I went back to the employer I left – I had no money and I knew that I did well despite the shifts being sporadic – and they happily took me on, only for the other boss to find out and send to them a bad reference about me, resulting in them to sack me on the spot.
So the way things stand for me at the moment are a lot better – I qualified with a vocational qualification funded by Jobseeker's Allowance (dole office) and I have been working on an agency contract in my current job for over a year – the contract was only meant to have been for 3 months. My confidence has really gone up and I have been looking better since I have been able to afford better food, better health support through supplements etc. I am the heaviest weight I have ever been, 56.9kg and it definitely shows since my husband says how much more filled out I look. I have also gained a lot of friends.
But what the second manager said still affects me. It has become a trigger in that whatever mistake I make I still feel the same negative emotions back then, 2 years ago, flood back. I am not only hurt by the things she said, but also angry and want to get her back for the way she made me feel. She said things like I didn't look the sort to have the illness I have, that I was making the illness up, that the diagnosis was wrong, and that one of the clients called me names and she readily told me the names she called me.
I just feel like I am going crazy but I guess this also makes me feel lonely and isolated and so that's why I'm here. I don't know if I will need medication or not to help me feel better as I was given fluoxetine after I was sacked due to the doctor saying because I sounded and looked low I probably had depression.

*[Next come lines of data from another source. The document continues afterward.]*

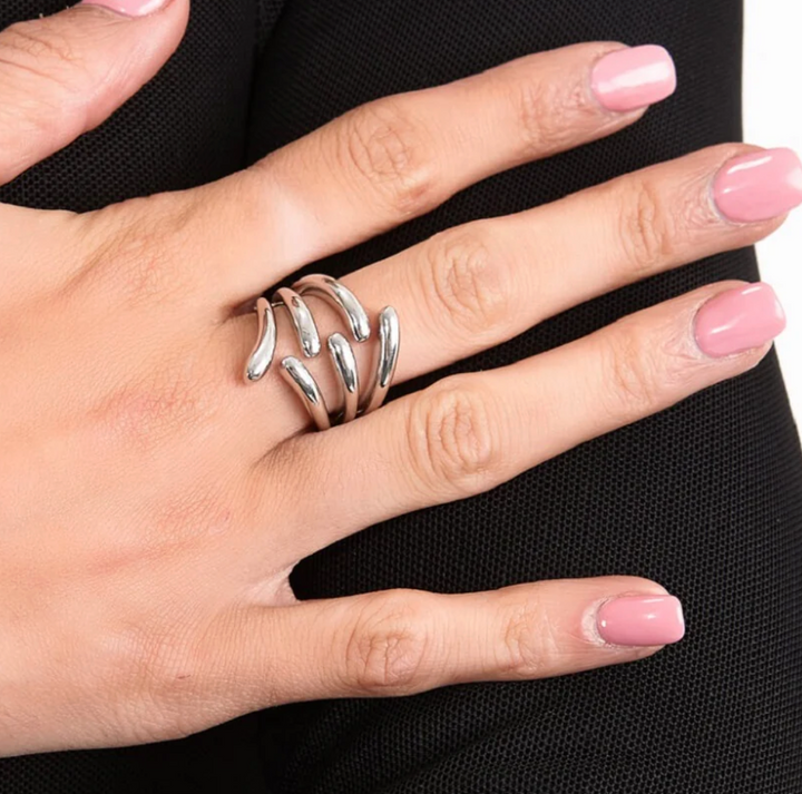 This bold Drop Silver Ring showcases six striking sterling silver droplets that wrap elegantly around the finger, making it a statement piece for any jewellery collection. Handcrafted from 925 sterling silver with a rhodium overlay, it ensures durability and lasting shine.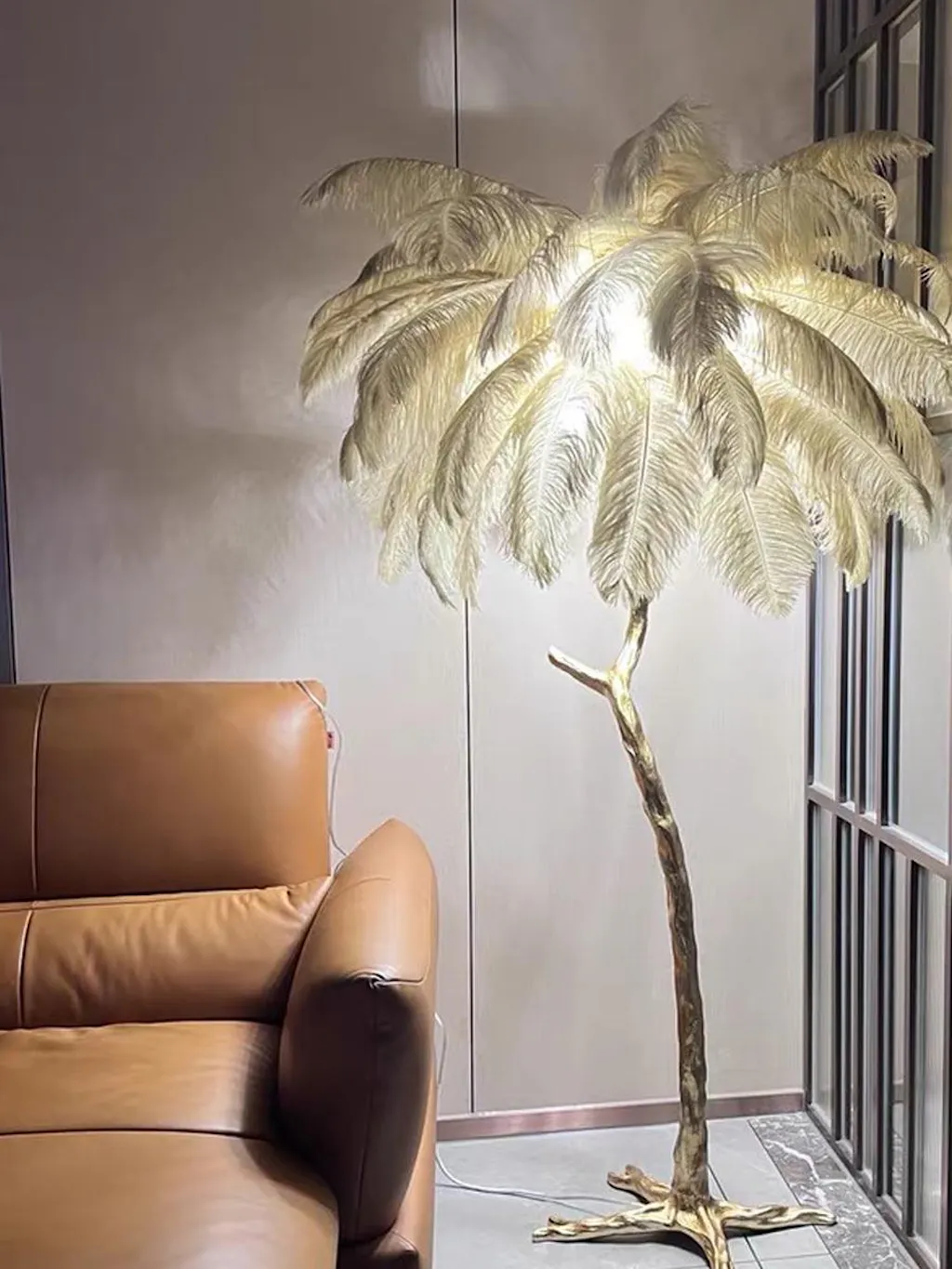 > The floor lamp looks like a palm tree, ideal decoration for your indoor space.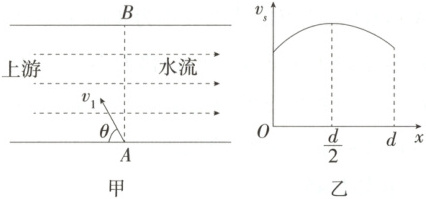 5.(2025江苏南京六校联合体调研)在静水中速度为$v_1$的小船,为垂直渡过宽度为$d$的河流,船头与河岸成$\theta$角斜向上游,如图甲所示。航行中发现河水流速$v_s$与到$A$河岸的距离$x$的关系如图乙所示。为使小船仍能到达正对岸,下列措施中可行的是 (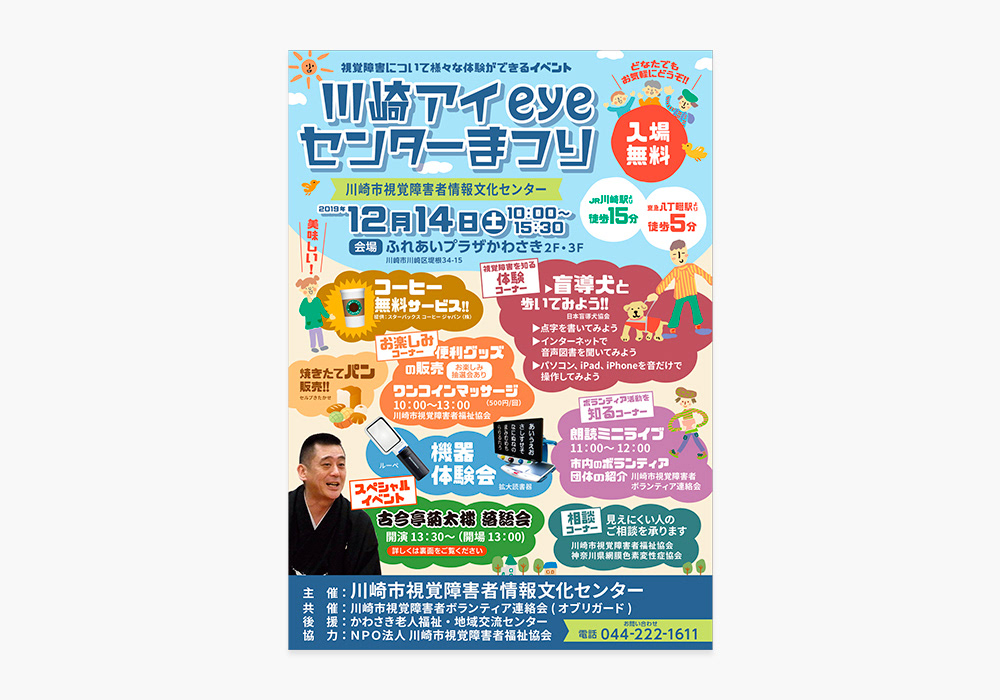 川崎アイeyeセンターまつり告知用広告。画像と原稿をご提供いただいて制作しました。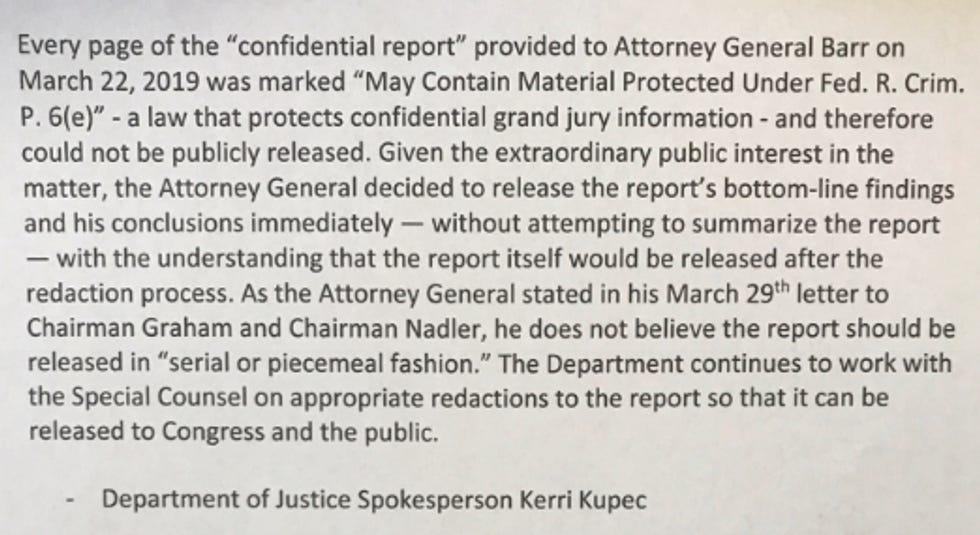 OK! The top line news there, at least according to DoJ spokesperson Kerri Kupec, is that LITERALLY EVERY PAGE of Mueller's report has a "6(e)" marking, which means it may have grand jury information on it. And they are working with Bob Mueller to make sure the redactions get done good and nice-like, as Barr has explained from the beginning, so STOP BOTHERING US WHILE WE ARE TRYING TO DO A COVER-UP! (She didn't say that last part. It is implied.)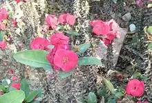 虎刺梅:别称铁海棠,是蔓生灌木植物。茎多分枝,长60-100厘米,直径5-10毫米,具纵棱,密生硬而尖的锥状刺,刺长1-1.5厘米,直径0.5-1.0 毫米,常呈3-5列排列于棱脊上,呈旋转。叶互生…全部>>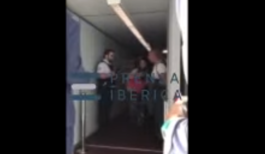 Βίντεο που αναρτήθηκε στον ιστότοπο της ισπανικής εφημερίδας La Nueva Espagna δείχνει τον κ. Βαρουφάκη να ζητεί από τον αστυνομικό στα αγγλικά να μιλήσει με τον προϊστάμενό του.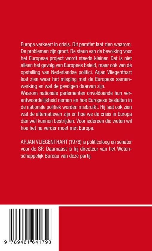 Europa verkeert in crisis. Dit pamflet laat zien waarom. De problemen zijn groot. De steun van de bevolking voor het Europese project wordt steeds kleiner. Dat is niet alleen het gevolg van Europees beleid, maar ook van de opstelling van Nederlandse politici. Arjan Vliegenthart laat zien waar het misging met de Europese samenwerking en wat de gevolgen daarvan zijn.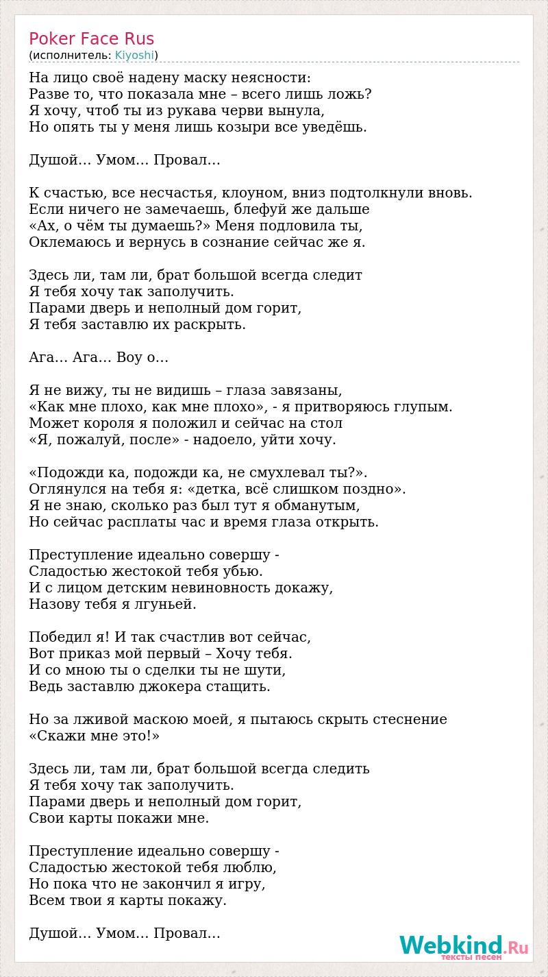 А как ты думаешь, о чем песня "Poker Face Rus" ?

I also have built up a distrust towards new people. Not the people I have been working with as they have been really welcoming; but a new person recently joined a team we work closely with and I find her personality to clash with my much quieter one. Personality wise she is almost the same as the manager who sent the bad reference about me. This has made me reluctant to speak with her and I am the only one who hasn't said a word to her as of yet. I like to make friends and I feel like I have an emotional block to communicate with her. :cry:
Thanks for reading, sorry for long post.